5-The_Datasets_library-1-What_if_my_dataset_isnt_on_the_Hub

中英文对照学习,效果更佳!
原课程链接:https://huggingface.co/course/chapter5/2?fw=pt

What if my dataset isn’t on the Hub?

如果我的数据集不在集线器上怎么办?

Ask a Question
Open In Colab
Open In Studio Lab
You know how to use the Hugging Face Hub to download datasets, but you’ll often find yourself working with data that is stored either on your laptop or on a remote server. In this section we’ll show you how 🤗 Datasets can be used to load datasets that aren’t available on the Hugging Face Hub.

你知道如何使用Hugging Face中心下载数据集,但你经常会发现自己在处理存储在笔记本电脑或远程服务器上的数据。在本节中,我们将向您展示如何使用🤗数据集来加载在Hugging Face中心上不可用的数据集。

Working with local and remote datasets

使用本地和远程数据集

🤗 Datasets provides loading scripts to handle the loading of local and remote datasets. It supports several common data formats, such as:

🤗DataSets提供加载脚本来处理本地和远程数据集的加载。它支持几种常见的数据格式,例如:

Data format 数据格式 Loading script 正在加载脚本 Example 示例
CSV & TSV CSV和TSV csv `csv` load_dataset("csv", data_files="my_file.csv") `Load_Dataset(“csv”,data_files=“my_file.csv”)`
Text files 文本文件 text `文本` load_dataset("text", data_files="my_file.txt") `Load_Dataset(“Text”,data_files=“my_file.txt”)`
JSON & JSON Lines JSON和JSON LINE json `json` load_dataset("json", data_files="my_file.jsonl") `Load_Dataset(“json”,data_files=“my_file.jsonl”)`
Pickled DataFrames 腌制数据帧 pandas ‘熊猫’ load_dataset("pandas", data_files="my_dataframe.pkl") `Load_Dataset(“pandas”,data_files=“my_dataframe.pkl”)`

As shown in the table, for each data format we just need to specify the type of loading script in the load_dataset() function, along with a data_files argument that specifies the path to one or more files. Let’s start by loading a dataset from local files; later we’ll see how to do the same with remote files.
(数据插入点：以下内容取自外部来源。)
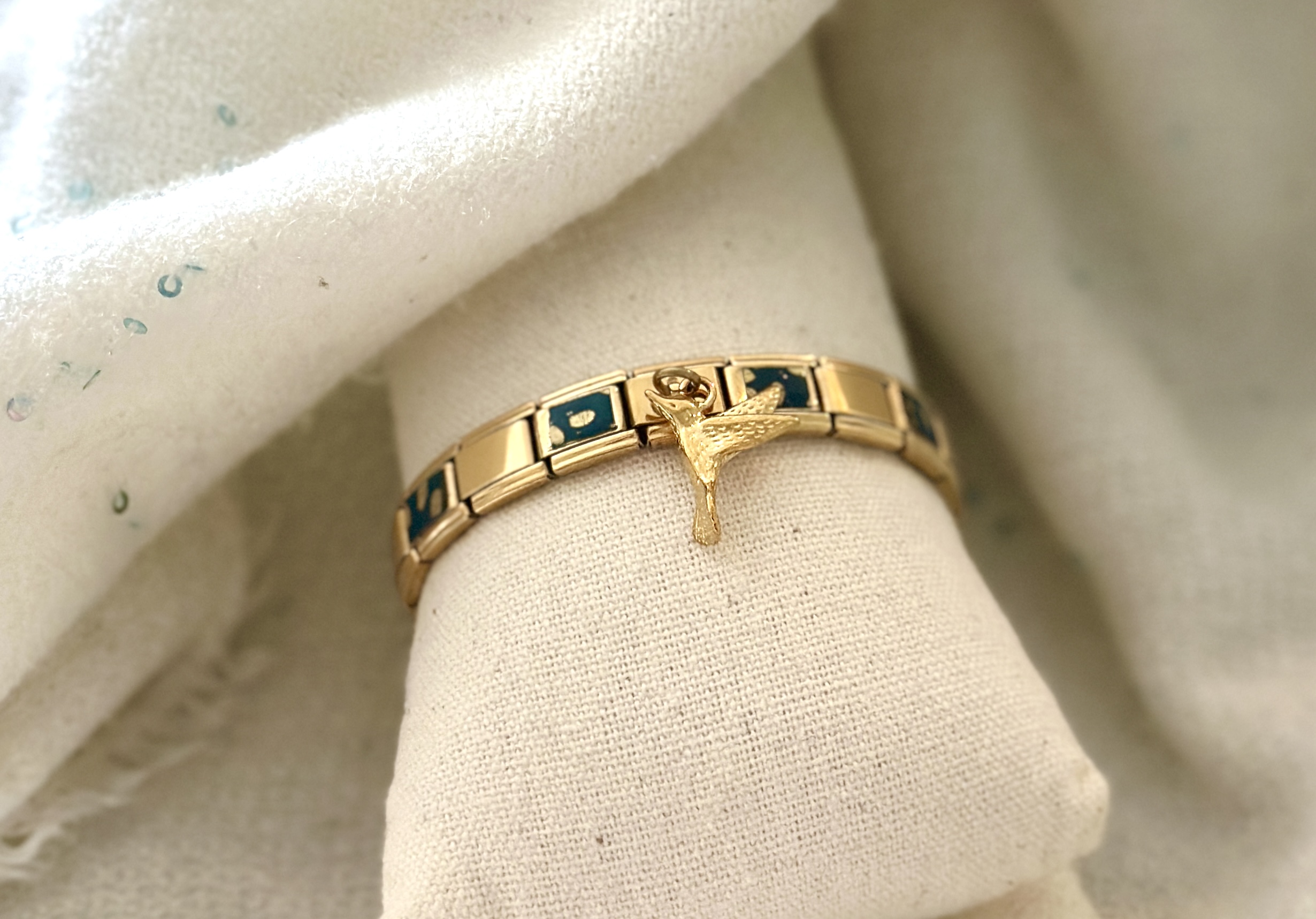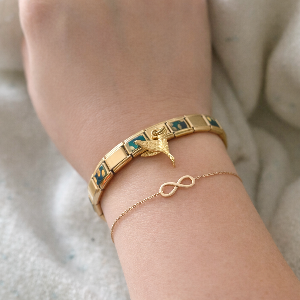 Le bracelet est sublimé par une délicate breloque dorée (colibri) qui ajoute charme et personnalité à l’ensemble.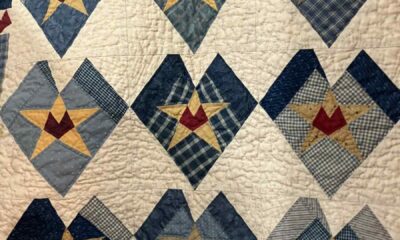 $65, 23″ square hand quilted “Hearts & Stars” wall hanging by #26 D&D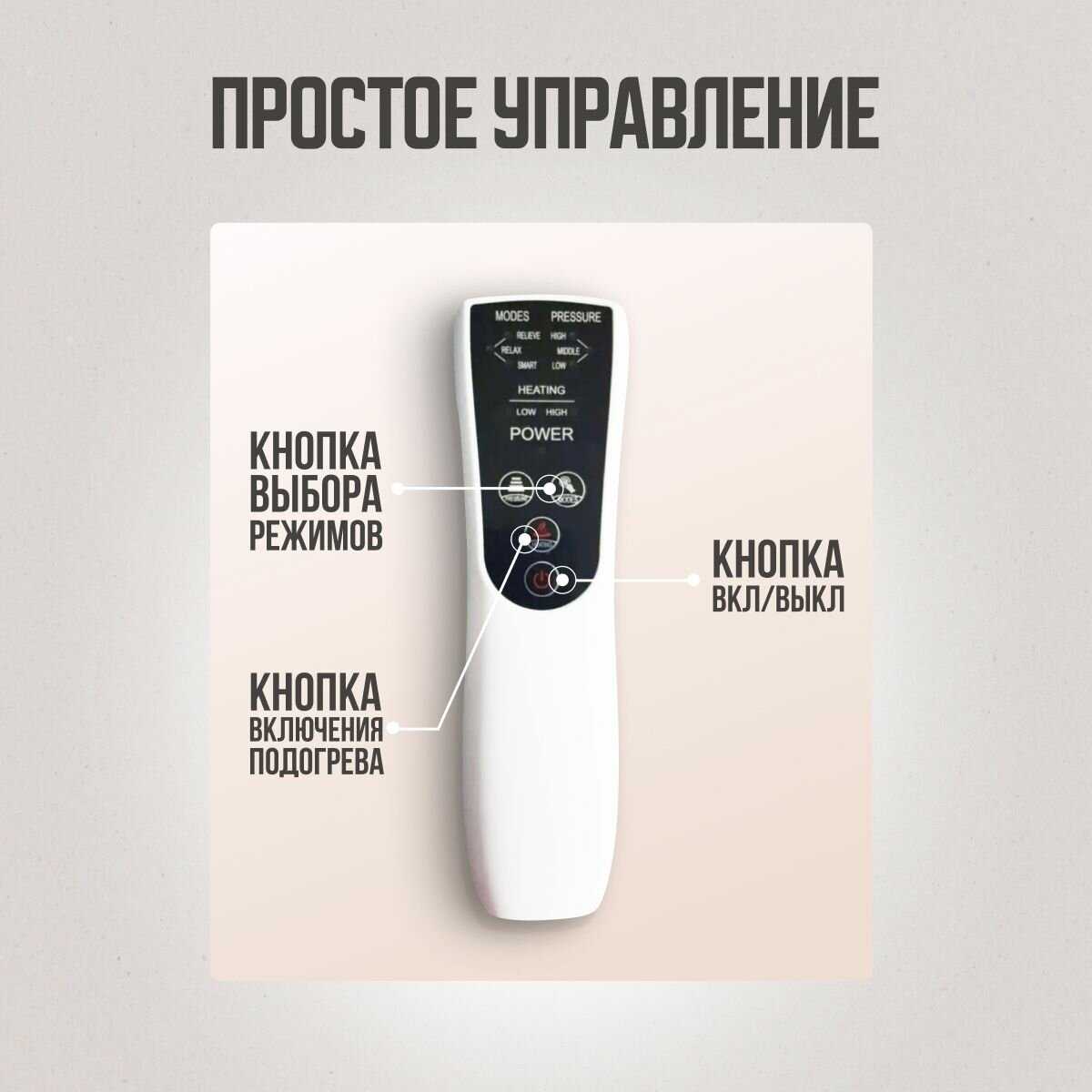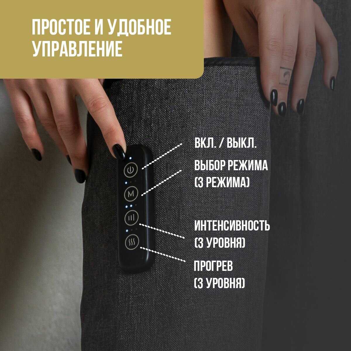 - + Мощный, 6 камер, полный комплект в базе (ноги, рука и талия), возможность отключать не нужные зоны, компактный блок управления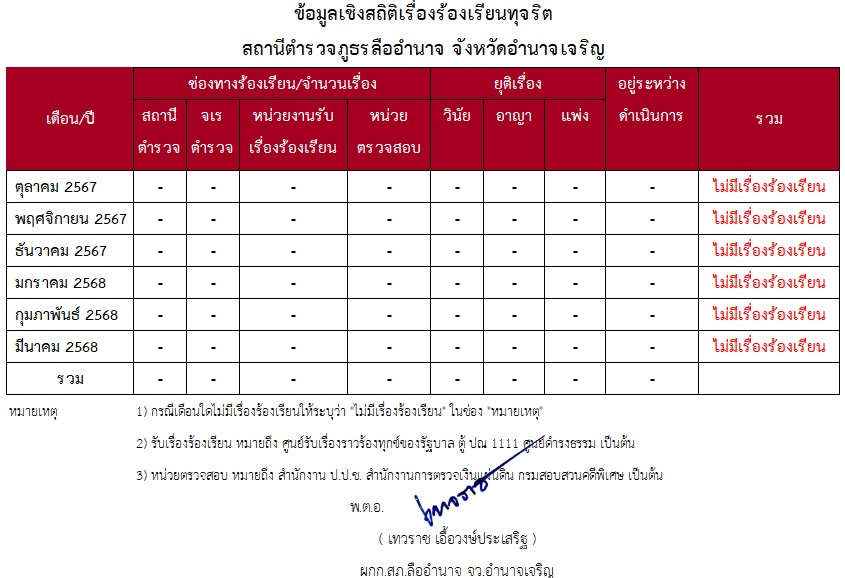 O17 ช่องทางการแจ้งเรื่องร้องเรียนการทุจริตและข้อมูลเชิงสถิติเรื่องร้องเรียนการทุจริต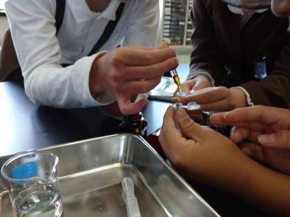 見事に青紫色への変化が見られました!唾液にはどのようなはたらきがあるか、学習を進めます。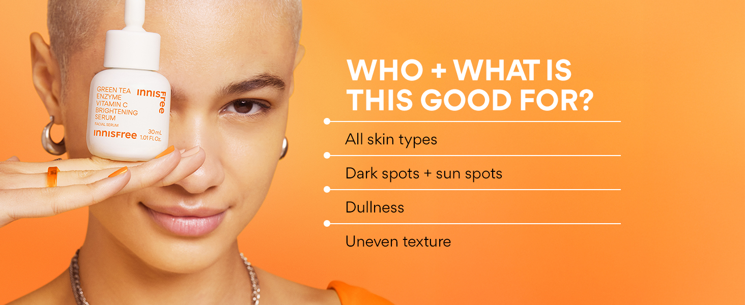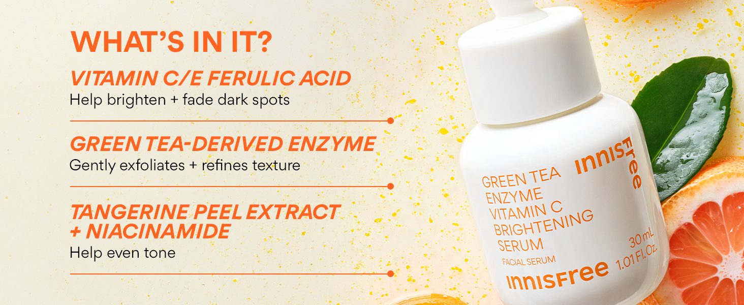 Product Benefits: This Vitamin C Serum is formulated with Green Tea-derived Enzyme, Vitamin C, tangerine peel extract, and hyaluronic acid that provide double-duty brightening + exfoliation for a more even-toned, refined complexion. This Vitamin C Serum is formulated with Green Tea-derived Enzyme, Vitamin C, tangerine peel extract, and hyaluronic acid, providing double-duty brightening + exfoliation for a more even-toned, refined complexion. This Vitamin C Serum is formulated with Green Tea-derived Enzyme, Vitamin C, tangerine peel extract, and hyaluronic acid, providing double-duty brightening + exfoliation for a more even-toned, refined complexion.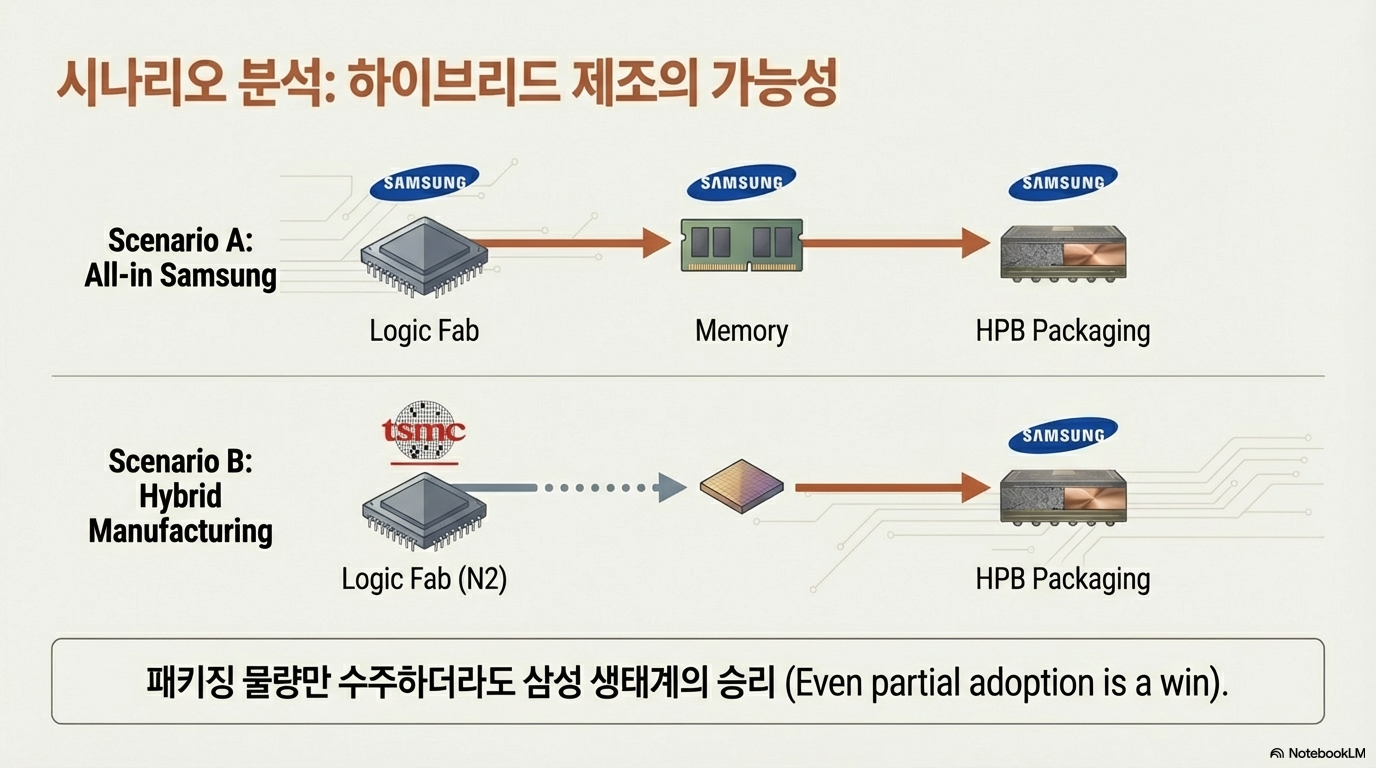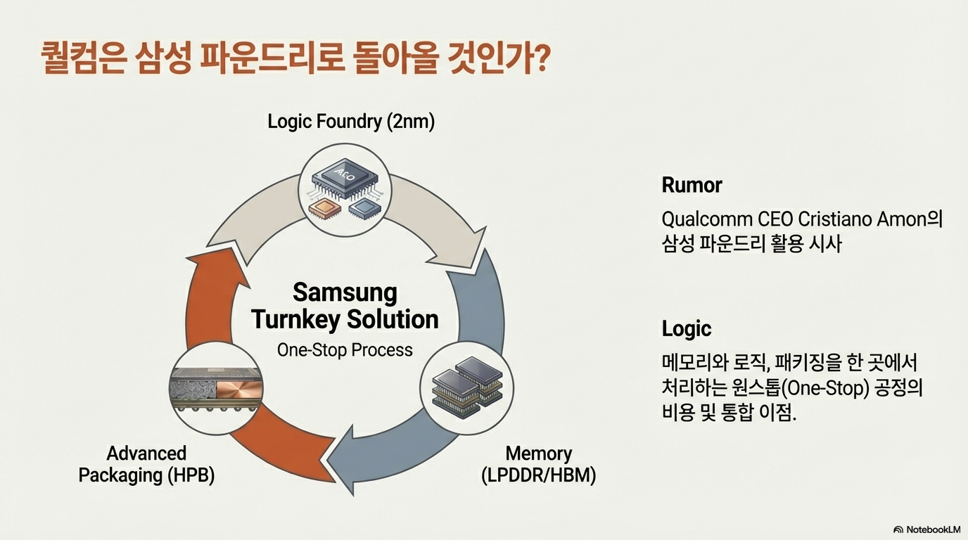 하지만 여기에 또 다른 변수가 존재합니다. 삼성은 이미 자사의 엑시노스 2600을 통해 2나노 로직 다이 제작부터 D램 적층, HPB 패키징까지 전 과정을 성공적으로 수행할 경험을 쌓게 됩니다. 이 경험을 바탕으로 퀄컴에게 매력적인 '풀코스 번들 딜'을 제안할 수도 있습니다. 이는 기업들이 각 분야에서 최고의 기술을 가진 공급업체를 조합하는, 즉 협력과 경쟁이 뒤섞인 복잡한 관계망이 형성되고 있음을 의미합니다.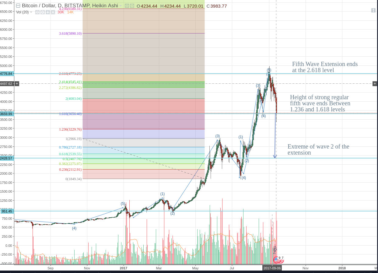 Scenario (4) The market sentiment dictates price action and price action indicates the current sentiment, and that is fear. A shiton of it. In the state of panic the first wave appeared to have occured. Using it we will assume the estimate is strong enough such that 2.618 extension can be used for both waves 3 and 5. it is possible to use the 4.236 but thats fked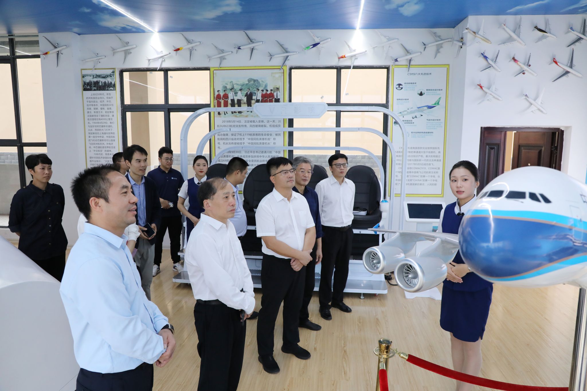 廖志坤一行参观了今年会文法学院、外国语学院、大学生心理健康中心、航空模拟舱、国家级众创空间、砖石质文物智慧化保护利用技术湖南省重点实验室等场所。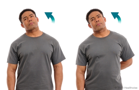 También puede estirar aún más usando una mano para jalar la cabeza hacia el hombro. Por ejemplo, mientras mantiene el hombro derecho bajo, incline la cabeza hacia la izquierda y use la mano izquierda para jalar la cabeza suave y continuamente hacia el hombro.

如表所示,对于每种数据格式,我们只需在Load_DataSet()函数中指定加载脚本的类型,以及指定一个或多个文件的路径的data_files参数。让我们首先从本地文件加载数据集;稍后我们将了解如何对远程文件执行相同的操作。

Loading a local dataset

加载本地数据集

For this example we’ll use the SQuAD-it dataset, which is a large-scale dataset for question answering in Italian.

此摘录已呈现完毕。